### [YOUR GOAL]
The pictures in the data below are to be omitted; all else must be duplicated exactly.

### [DATA SECTION]
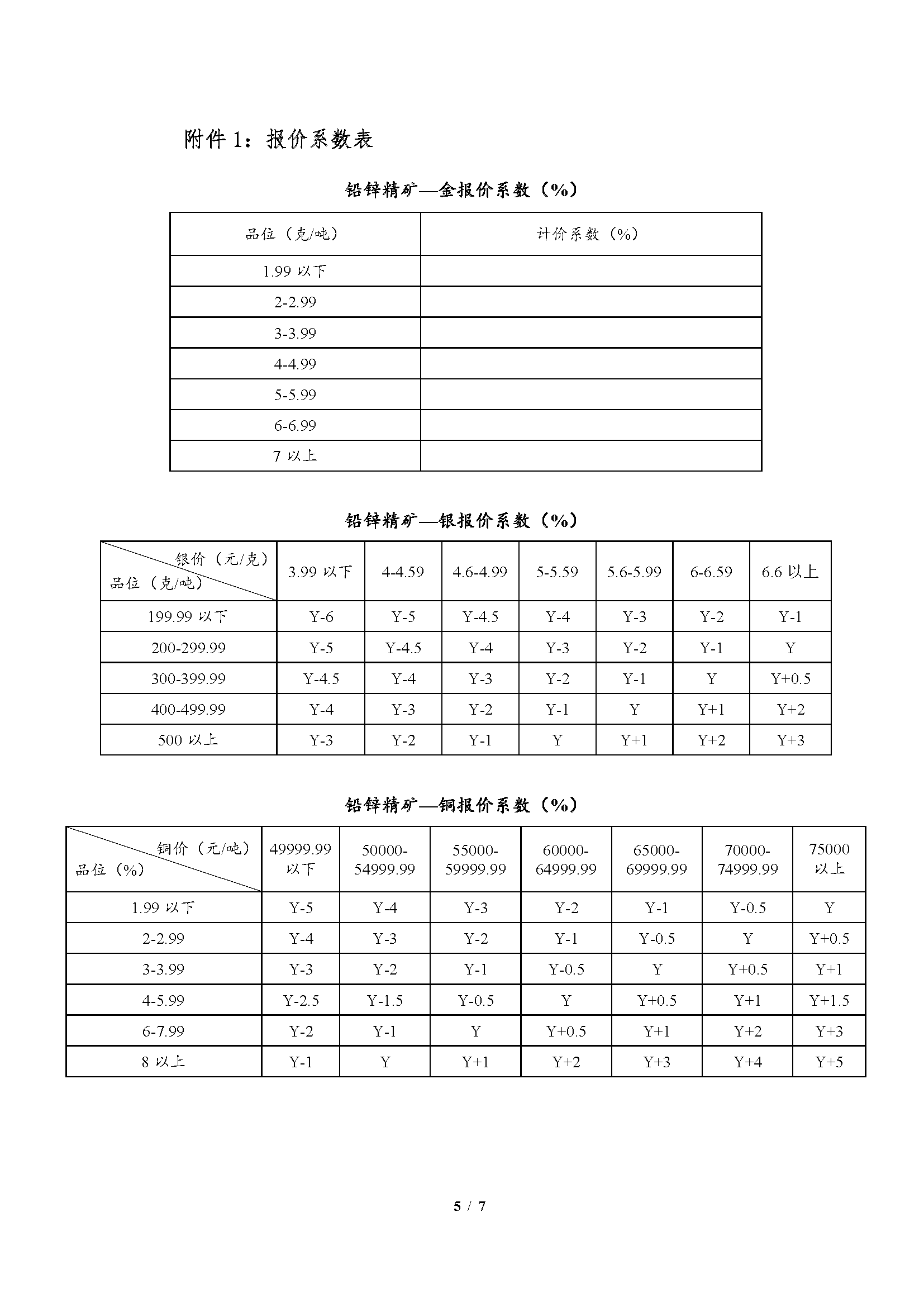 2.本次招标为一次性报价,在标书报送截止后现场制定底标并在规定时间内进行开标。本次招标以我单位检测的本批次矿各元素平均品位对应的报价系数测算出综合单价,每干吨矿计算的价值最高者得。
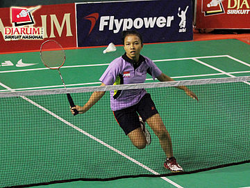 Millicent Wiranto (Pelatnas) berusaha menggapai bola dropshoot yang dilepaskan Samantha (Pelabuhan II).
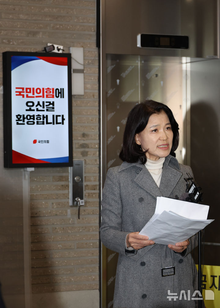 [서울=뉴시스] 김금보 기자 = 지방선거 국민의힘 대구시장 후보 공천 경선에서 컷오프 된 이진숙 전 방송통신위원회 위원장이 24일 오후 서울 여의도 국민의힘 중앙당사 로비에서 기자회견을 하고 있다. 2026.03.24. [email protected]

### [TASK SOLUTION]
 2.本次招标为一次性报价,在标书报送截止后现场制定底标并在规定时间内进行开标。本次招标以我单位检测的本批次矿各元素平均品位对应的报价系数测算出综合单价,每干吨矿计算的价值最高者得。
 Millicent Wiranto (Pelatnas) berusaha menggapai bola dropshoot yang dilepaskan Samantha (Pelabuhan II).
 [서울=뉴시스] 김금보 기자 = 지방선거 국민의힘 대구시장 후보 공천 경선에서 컷오프 된 이진숙 전 방송통신위원회 위원장이 24일 오후 서울 여의도 국민의힘 중앙당사 로비에서 기자회견을 하고 있다. 2026.03.24. [email protected]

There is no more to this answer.